In 2014, California regulators fined Whole Foods $800,000 following a year-long investigation into its pricing. More recently, the company was accused of “systemic overcharging for pre-packaged foods” with hundreds of violations logged in its New York City stores. Inspectors from the New York City Department of Consumer Affairs called it “the worst case of mislabeling they have seen in their careers.”
For a company whose noble ethics are baked into its marketing materials, this is particularly bad news. But, despite having lost part of its footing in a market that it pioneered, Whole Foods is both still growing and finally taking action that goes beyond laying off 1.6 percent of its workforce.
To combat the “whole paycheck” perception, the company is angling to lower prices as well as launch a chain of ostensibly Millennial-friendly stores with cheaper “curated” selections. It also has invested in technology and apps to streamline the shopping experience.

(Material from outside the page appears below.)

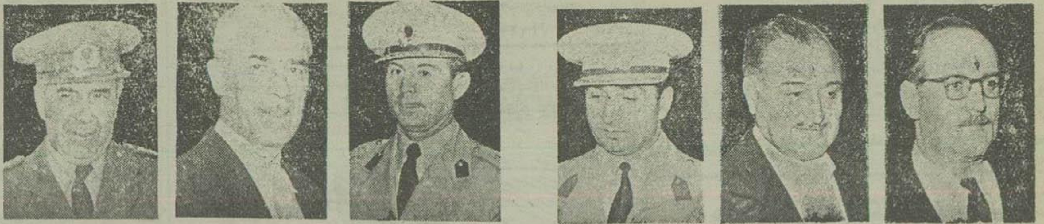
آقای زوداو وزیر خارجه، آقای فروزان تکیول مخبر کیسیون خارجه، سرتیپ کوالا کر سرتیپ آجودان رئیس جمهور، آقای آرزولیک رئیس آژانس اطلاعاتی، کلنل استیپن وابسته نظامی ترکیه در تهران، سرتیپ مصطفی طیار آجودان رئیس جمهور، آقای آرزولیک رئیس آژانس اطلاعاتی، سرتیپ کوالا کر سرتیپ آجودان رئیس جمهور، آقای فروزان تکیول مخبر کیسیون خارجه، آقای زوداو وزیر خارجه

It’s also trying new ways to market itself. As we noted in June, Whole Foods recently introduced a new food-rating system called “Responsibly Grown” in its stores. The classification system is controversial because it undercuts the organic designation, but it also highlights less pricy, non-organic offerings.
One way it can truly win is by continuing to do what it does especially well: Providing solid-paying work and above-average benefits to its employees. Even if that ultimately means laying some off, presenting relatively generous severance packages is a good thing, too.